(Data for this exercise)

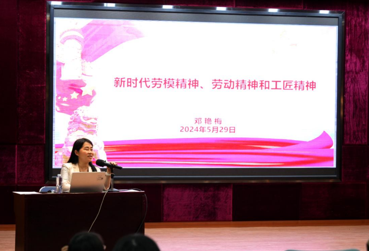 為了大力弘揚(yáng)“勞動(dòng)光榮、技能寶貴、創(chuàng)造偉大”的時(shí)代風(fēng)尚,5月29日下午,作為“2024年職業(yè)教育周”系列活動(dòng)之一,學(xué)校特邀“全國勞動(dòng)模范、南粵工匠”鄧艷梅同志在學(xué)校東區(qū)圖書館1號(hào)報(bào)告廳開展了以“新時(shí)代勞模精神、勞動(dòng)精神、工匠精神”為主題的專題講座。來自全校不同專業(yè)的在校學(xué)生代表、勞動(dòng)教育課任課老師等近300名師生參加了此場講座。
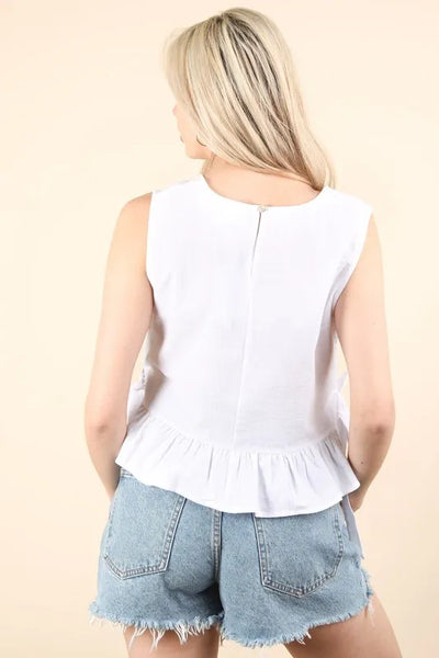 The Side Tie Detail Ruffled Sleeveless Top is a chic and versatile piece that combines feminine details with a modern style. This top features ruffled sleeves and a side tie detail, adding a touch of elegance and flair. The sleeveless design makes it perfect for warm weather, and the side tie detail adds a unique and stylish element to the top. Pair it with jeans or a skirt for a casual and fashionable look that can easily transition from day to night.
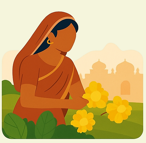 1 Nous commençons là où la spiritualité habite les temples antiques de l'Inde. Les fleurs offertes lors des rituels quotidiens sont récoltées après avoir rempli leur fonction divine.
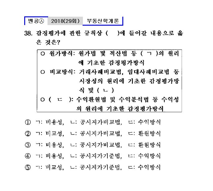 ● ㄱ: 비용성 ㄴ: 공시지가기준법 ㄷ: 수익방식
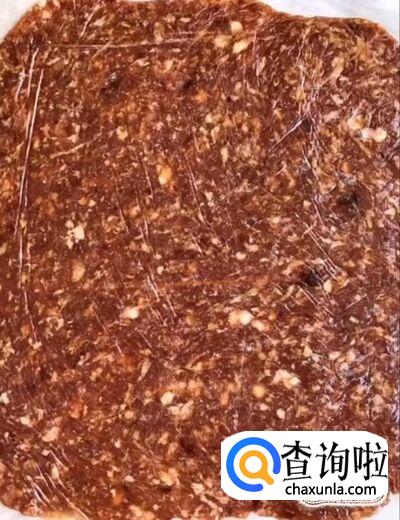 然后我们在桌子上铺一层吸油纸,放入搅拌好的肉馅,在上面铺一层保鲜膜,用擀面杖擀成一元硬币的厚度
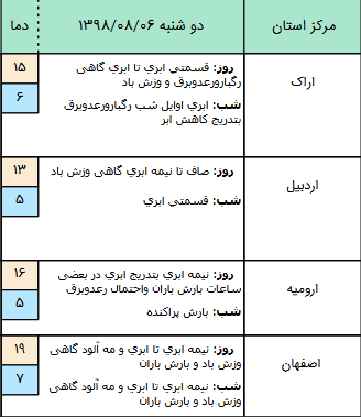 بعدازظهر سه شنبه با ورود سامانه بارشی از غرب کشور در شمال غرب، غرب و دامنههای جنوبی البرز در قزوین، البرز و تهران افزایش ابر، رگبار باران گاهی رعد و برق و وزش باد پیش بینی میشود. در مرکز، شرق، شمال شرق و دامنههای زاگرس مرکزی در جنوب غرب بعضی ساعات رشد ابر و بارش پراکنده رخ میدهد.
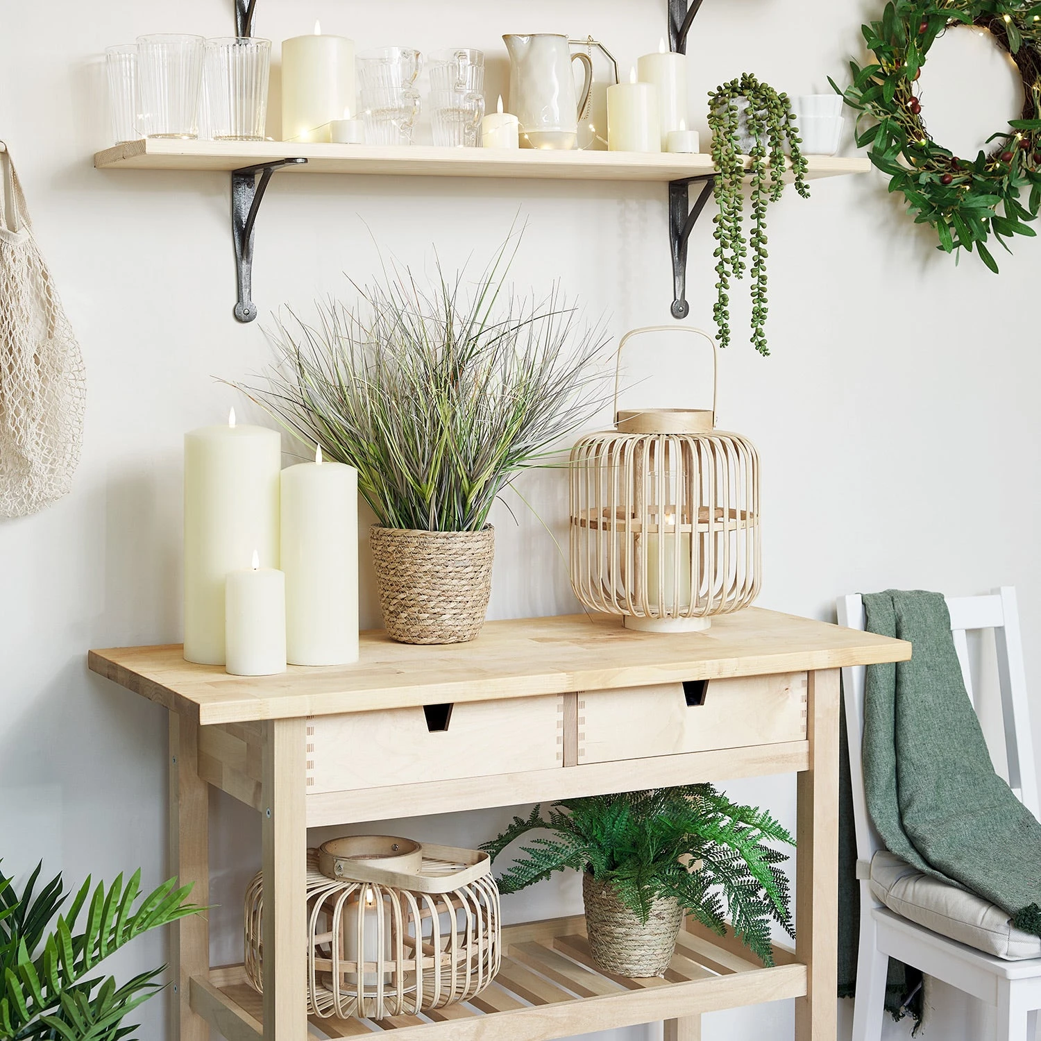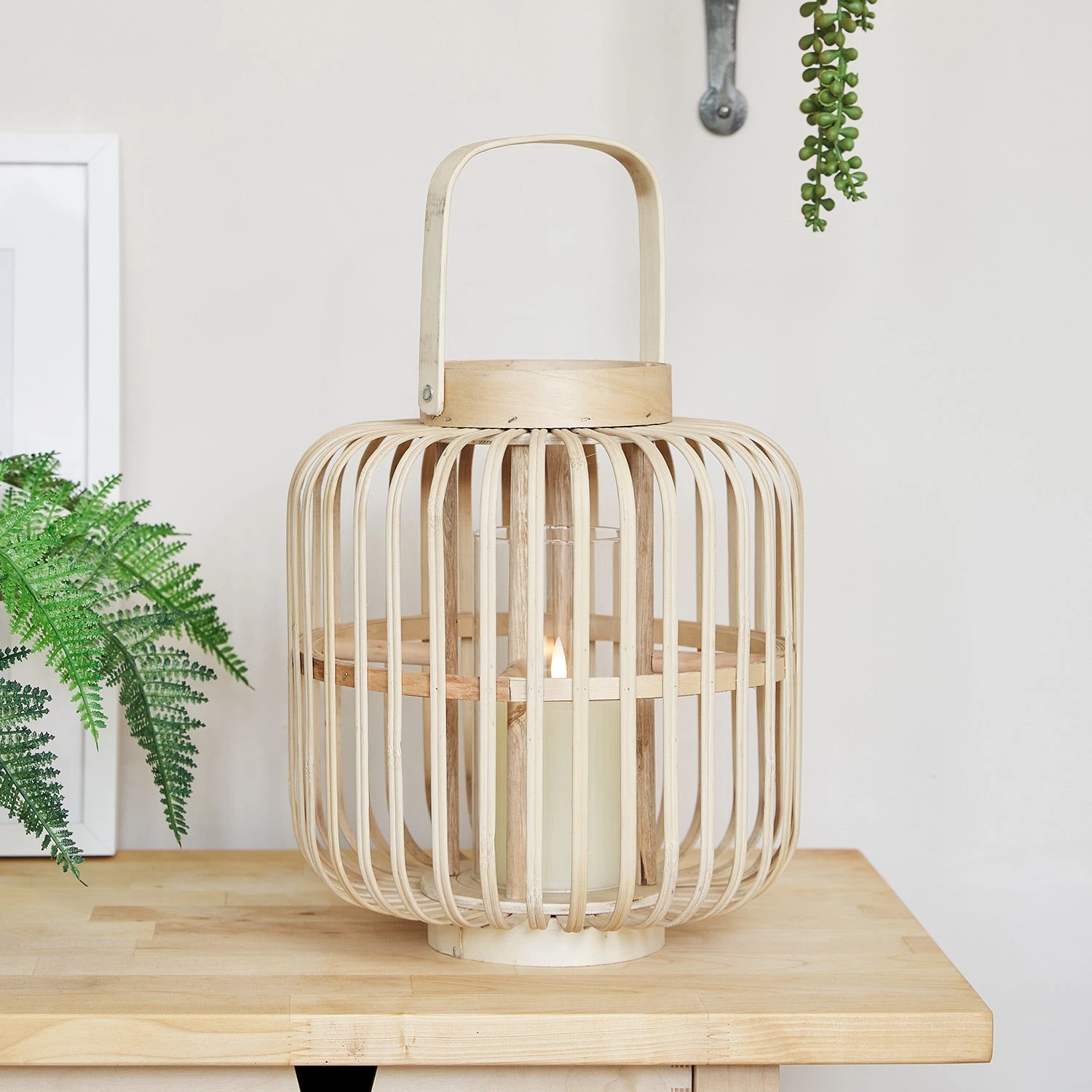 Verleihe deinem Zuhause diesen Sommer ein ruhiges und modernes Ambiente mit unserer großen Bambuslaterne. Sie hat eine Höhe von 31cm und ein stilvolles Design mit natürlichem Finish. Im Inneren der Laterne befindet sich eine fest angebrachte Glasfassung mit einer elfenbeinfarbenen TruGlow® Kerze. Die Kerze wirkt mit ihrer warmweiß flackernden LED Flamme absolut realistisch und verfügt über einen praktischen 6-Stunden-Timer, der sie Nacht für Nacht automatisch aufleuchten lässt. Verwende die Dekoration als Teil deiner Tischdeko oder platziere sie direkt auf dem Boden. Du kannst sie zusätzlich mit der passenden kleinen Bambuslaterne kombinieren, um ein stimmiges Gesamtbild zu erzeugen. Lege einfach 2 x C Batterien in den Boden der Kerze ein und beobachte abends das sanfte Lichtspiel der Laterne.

(End Data for this exercise)
(Data for this exercise)

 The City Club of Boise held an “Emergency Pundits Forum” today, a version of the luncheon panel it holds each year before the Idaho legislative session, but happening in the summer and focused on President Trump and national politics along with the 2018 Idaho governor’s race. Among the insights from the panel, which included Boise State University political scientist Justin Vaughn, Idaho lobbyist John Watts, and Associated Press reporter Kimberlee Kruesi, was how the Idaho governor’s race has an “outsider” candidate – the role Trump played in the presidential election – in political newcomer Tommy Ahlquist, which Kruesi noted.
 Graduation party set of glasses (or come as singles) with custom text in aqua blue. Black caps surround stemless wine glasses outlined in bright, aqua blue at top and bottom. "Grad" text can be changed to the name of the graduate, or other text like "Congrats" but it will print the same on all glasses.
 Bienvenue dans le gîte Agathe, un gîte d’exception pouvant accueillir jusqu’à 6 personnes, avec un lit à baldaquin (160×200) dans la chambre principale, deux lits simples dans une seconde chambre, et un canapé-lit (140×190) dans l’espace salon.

(End Data for this exercise)

**Task prompt**
Start with the line above that contains "The City Club" and stop after the line that contains "Bienvenue dans le". Output those lines exactly, and only those.

**Reply to the task**
 The City Club of Boise held an “Emergency Pundits Forum” today, a version of the luncheon panel it holds each year before the Idaho legislative session, but happening in the summer and focused on President Trump and national politics along with the 2018 Idaho governor’s race. Among the insights from the panel, which included Boise State University political scientist Justin Vaughn, Idaho lobbyist John Watts, and Associated Press reporter Kimberlee Kruesi, was how the Idaho governor’s race has an “outsider” candidate – the role Trump played in the presidential election – in political newcomer Tommy Ahlquist, which Kruesi noted.
 Graduation party set of glasses (or come as singles) with custom text in aqua blue. Black caps surround stemless wine glasses outlined in bright, aqua blue at top and bottom. "Grad" text can be changed to the name of the graduate, or other text like "Congrats" but it will print the same on all glasses.
 Bienvenue dans le gîte Agathe, un gîte d’exception pouvant accueillir jusqu’à 6 personnes, avec un lit à baldaquin (160×200) dans la chambre principale, deux lits simples dans une seconde chambre, et un canapé-lit (140×190) dans l’espace salon.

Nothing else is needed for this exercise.